V. Le stress oxydatif

Le stress oxydant est un état qui résulte d’un déséquilibre entre la production d’éléments oxydants et le mécanisme de défense anti-oxydante au sein d’un individu. Ce déséquilibre provient soit d’une production exagérée d’agents oxydants, soit d’une altération des mécanismes de défense. De nombreuses études ont montré l’existence du stress oxydant chez les urémiques.[7, 93, 94] Il est observé dès le stade débutant de l’IRC.
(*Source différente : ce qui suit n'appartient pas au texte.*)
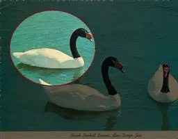 是天鹅家族五大成员之一,它不像大天鹅和小天鹅因周身雪白而显得神圣纯洁,也不及黑天鹅因身材好而感觉神秘优雅。除了长在颈部的羽毛黑而发亮外其余羽毛均为白色,这使得它们没有了其他天鹅那样的圣洁和神秘,却多了一种亲切和自然。
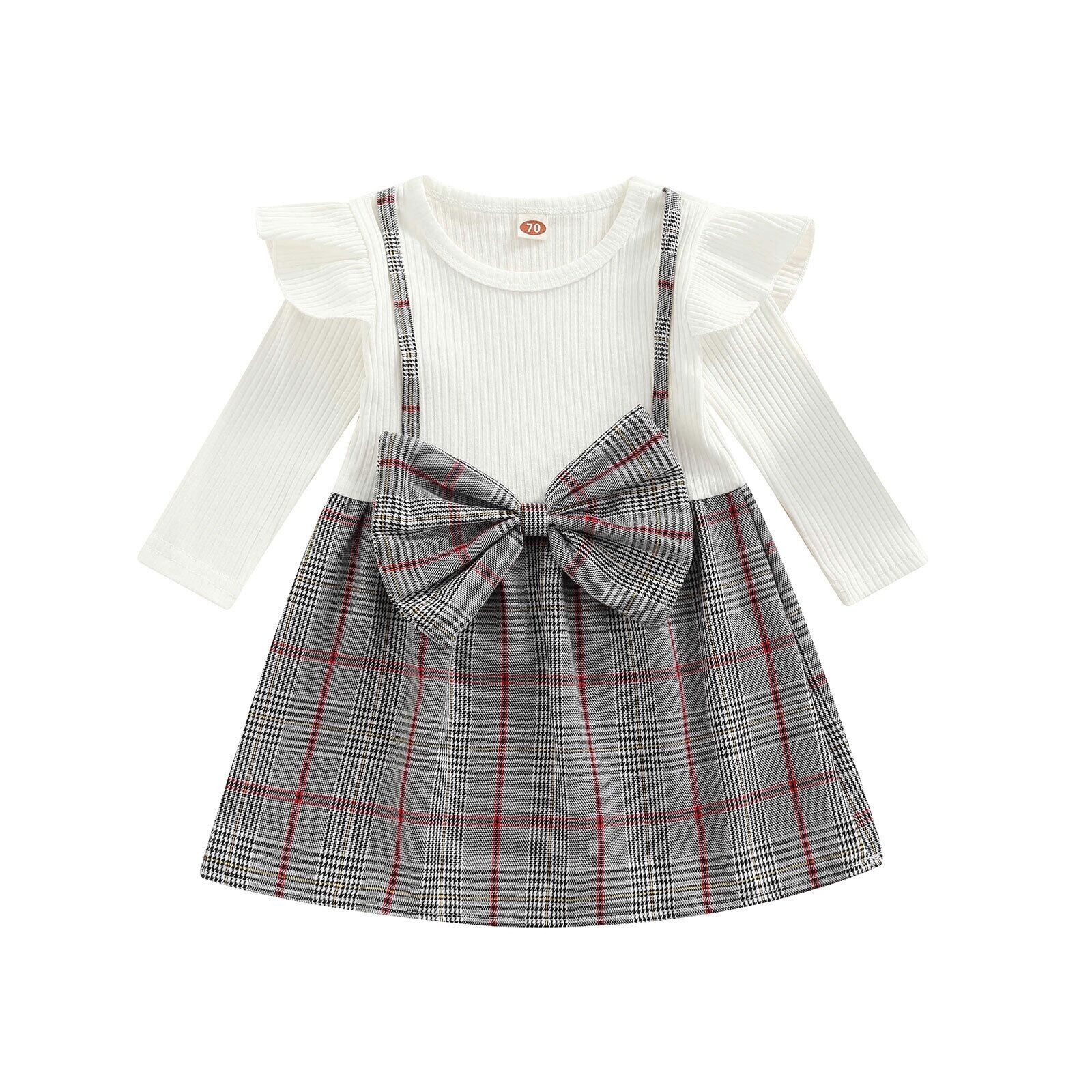 新作 Ma&Baby0-24M生まれの幼児ベビーガールチェック柄ドレス長袖ボウAラインドレスガールズ秋春sD11

Les patients atteints d’ IRC subissent des modifications délétères de la structure des protéines et des lipides [87] dues à la perte des défenses antioxydantes ou à l’augmentation du stress oxydant. Trois principales familles d’oxydants sont actuellement connues et à l’origine de nombreux effets biologiques.[95] Il s’agit des formes réactives de l’oxygène, des oxydants chlorés et des formes réactives de l’azote. L’organisme se protège en permanence contre la formation et l’agression de ces oxydants grâce à divers mécanismes de défense tant enzymatiques que non enzymatiques.[96] Parmi les antioxydants non enzymatiques, on retrouve le glutathion réduit, l’acide urique, la vitamine E, la vitamine C, le glucose, la bilirubine. Les vitamines C et E agissent en synergie. Elles représentent le mécanisme de défense le plus puissant contre les formes réactives de l’oxygène et la peroxydation lipidique. La réduction des antioxydants se manifeste par un déficit en vitamine E et C.[97] Les enzymes antioxydants les plus connus sont la super oxyde dismutase, la glutathion peroxydase et la catalase. La famille des glutathions peroxydases constitue la plus importante défense intra et extracellulaire contre l’oxydation. L’insuffisance rénale réduit l’activité antioxydante du plasma.[87] L’accumulation de toxines urémiques plasmatiques ayant une activité pro oxydante a été mise en évidence chez les urémiques. Le reflet du stress oxydant est l’augmentation de la concentration plasmatique des produits de la peroxydation lipidique ainsi que des produits de l’oxydation avancée des protéines (AOPP).[94] Les marqueurs de la peroxydation des lipides mis en évidence sont : le malonyldialdéhyde (MDA), des substances réagissant avec l’acide thiobarbiturique et des LDL oxydées. Les valeurs plasmatiques du MDA retrouvés chez les patients hémodialysés sont en moyenne deux fois plus élevées que les valeurs de référence déterminées chez le sujet sain.[93] Les membranes

cellulaires sont également une cible pour l’atteinte oxydative. Des marqueurs d’altération des bases de l’ADN ont été mis en évidence dans les leucocytes des patients hémodialysés. Cela signifie que l’ensemble des constituants cellulaires (lipides, protéines et acides nucléiques) sont des cibles du stress oxydant chez les hémodialysés. Le stress oxydant observé chez les patients hémodialysés relève, d’une part des troubles métaboliques associés à l’urémie, et d’autre part du traitement par hémodialyse en lui-même. L’hémodialyse ne réduit pas le stress oxydant, mais l’accentue au contraire.[87] Chaque séance de dialyse majore la production d’oxydants chez des patients ayant un déficit en antioxydants. La membrane de dialyse contribue fortement à la production d’oxydants lors des séances de dialyse.[97] Les membranes cellulosiques, en particulier le cuprophane, induisent une production d’agents oxydants. Ce phénomène est considérablement réduit avec les membranes synthétiques.[95]

Le stress oxydatif est un facteur qui contribue à l’augmentation de la prévalence des maladies cardiovasculaires chez les patients insuffisants rénaux chroniques ayant une malnutrition ou une inflammation.[98] La cause de cette augmentation du stress oxydatif chez les patients malnutris est mal connue. Vu l’importante relation entre la malnutrition et l’inflammation, il est possible que la réponse inflammatoire chronique soit la première cause de l’accroissement du stress oxydatif chez ces patients.